Una volta il debito pubblico italiano era detenuto dalle banche italiane. Era facilmente governabile, perché le banche erano in gran parte pubbliche. Poi è passato nelle mani delle famiglie italiane, rimanendo facilmente governabile, perché in cambio di rendimenti molto elevati queste lo sottoscrivevano. Si aveva così un meccanismo di consenso molto semplice.
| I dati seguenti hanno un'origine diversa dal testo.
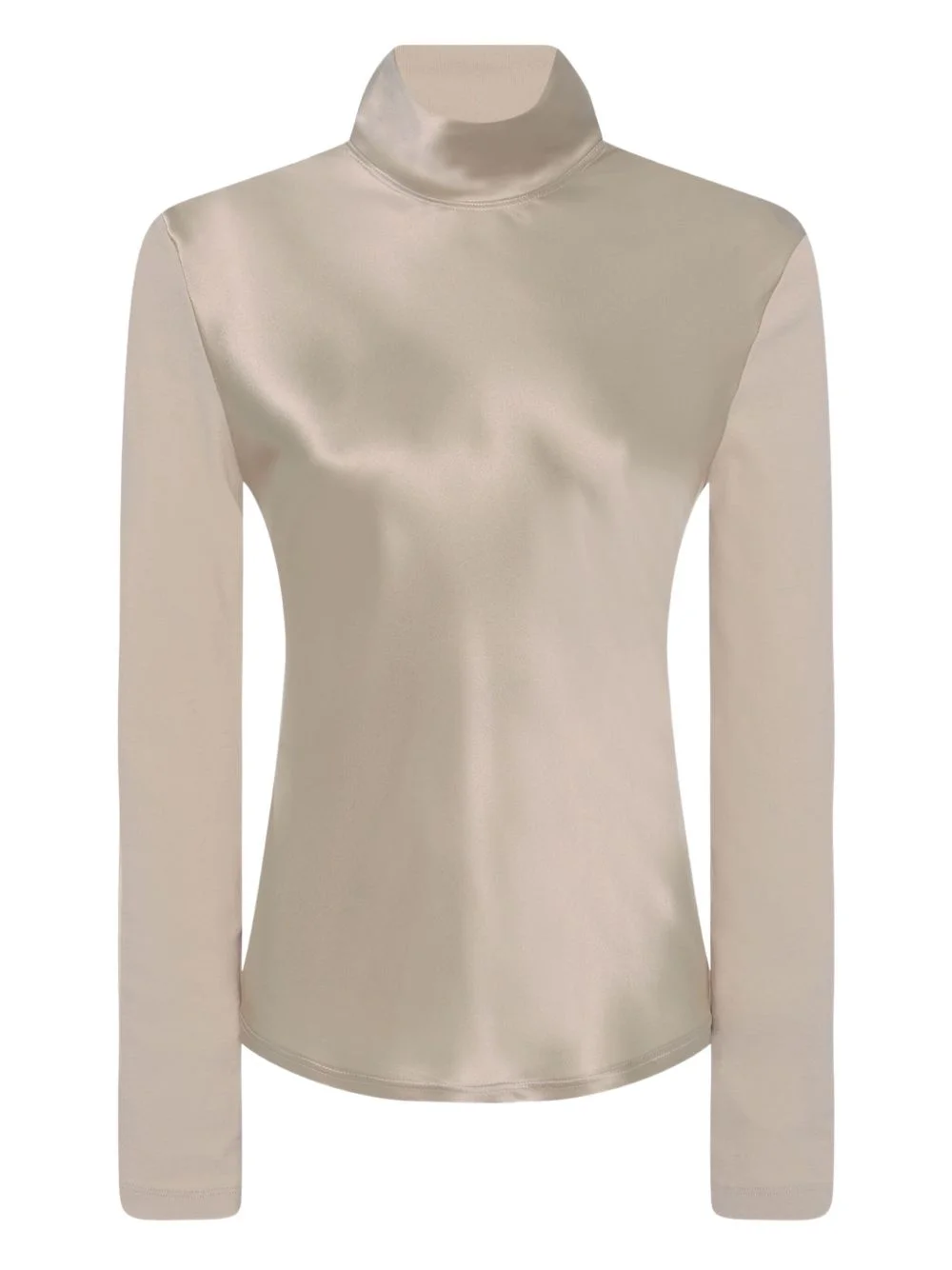 turtleneck combo T-shirt Highlights - Champagne - Turtleneck - Long sleeves - Contrast fabric Made in United States Composition Cotton 100%, Acetate 82%, Viscose 18% Washing instructions Dry Clean Only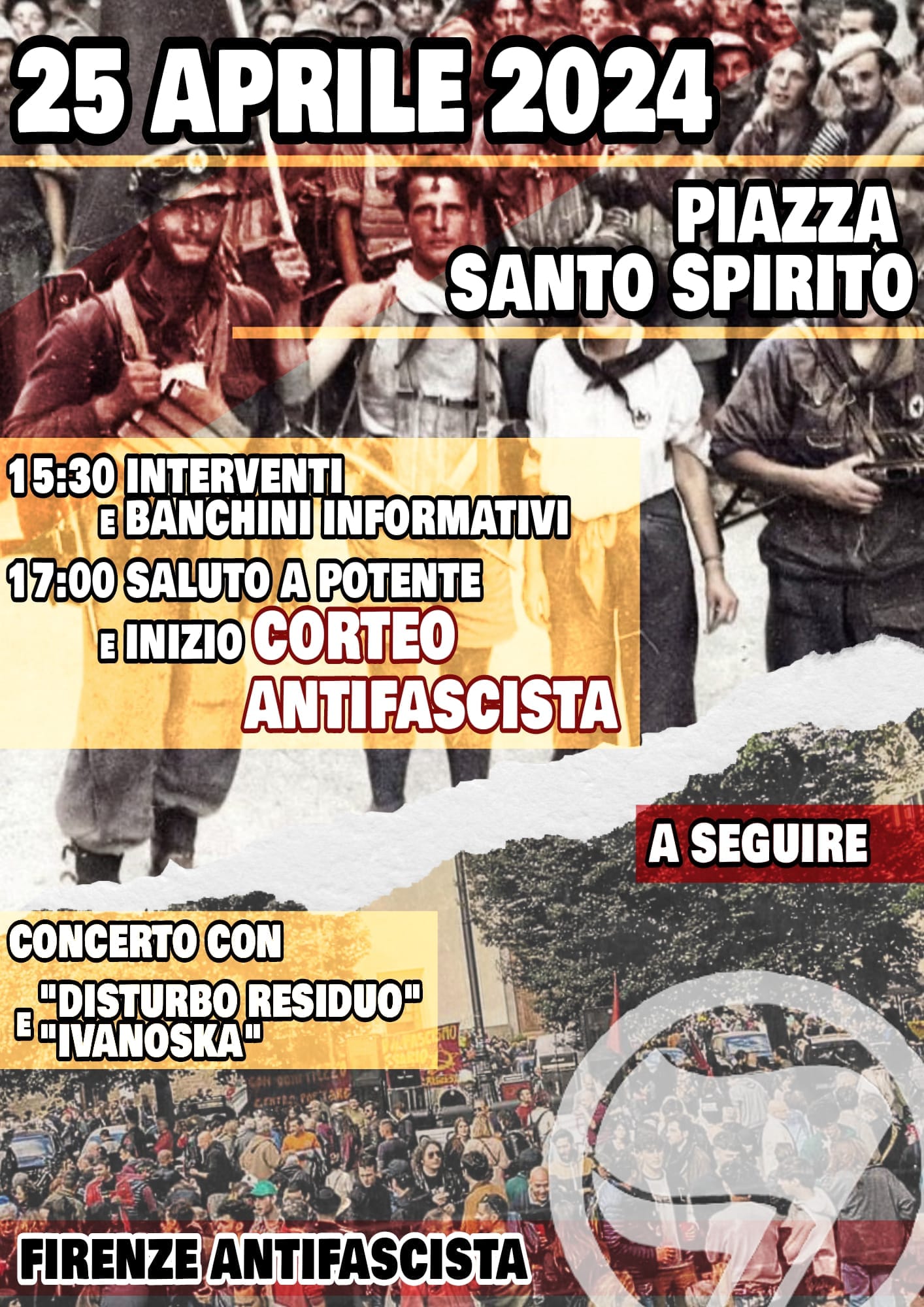 Firenze, 24.4.2024 - Sulla pagina Facebook Firenze Antifascista è pubblicizzato il corteo 25 APRILE IN PIAZZA S.SPIRITO "per sostenere le lotte e chi pratica resistenza a Firenze come altrove. Autodeterminazione e solidarietà nella piazza delle antifasciste e degli antifascisti fiorentini!".

La politica governava il debito prima attraverso le “sue” banche, poi attraverso gli alti rendimenti. In questo modo non si poteva formare un giudizio di merito pubblicamente condiviso sul debito dell’Italia. Nel primo caso gli investitori erano “catturati”, nel secondo “sedotti”. In breve, il Principe non faceva fatica a ricevere il consenso degli elettori-risparmiatori, tanto più che il debito crescente si sarebbe scaricato sui “non nati” che, in attesa della cicogna, non votano.

Ma oltre venti anni fa è arrivato il momento del mercato, in doppia direzione: gli italiani possono investire all’estero e l’estero può investire in Italia. Si possono finalmente formare giudizi di merito: qual è il premio – il maggior rendimento richiesto – per detenere il debito italiano rispetto a quello tedesco?

Il Principe deve ora convincere che il debito è sottoscrivibile. Cambia la natura del rapporto: il Principe prima non faceva fatica a collocare il debito e non doveva persuadere nessuno sulla sua tenuta; al contrario, adesso s’affanna e deve dunque varare politiche coerenti nel tempo.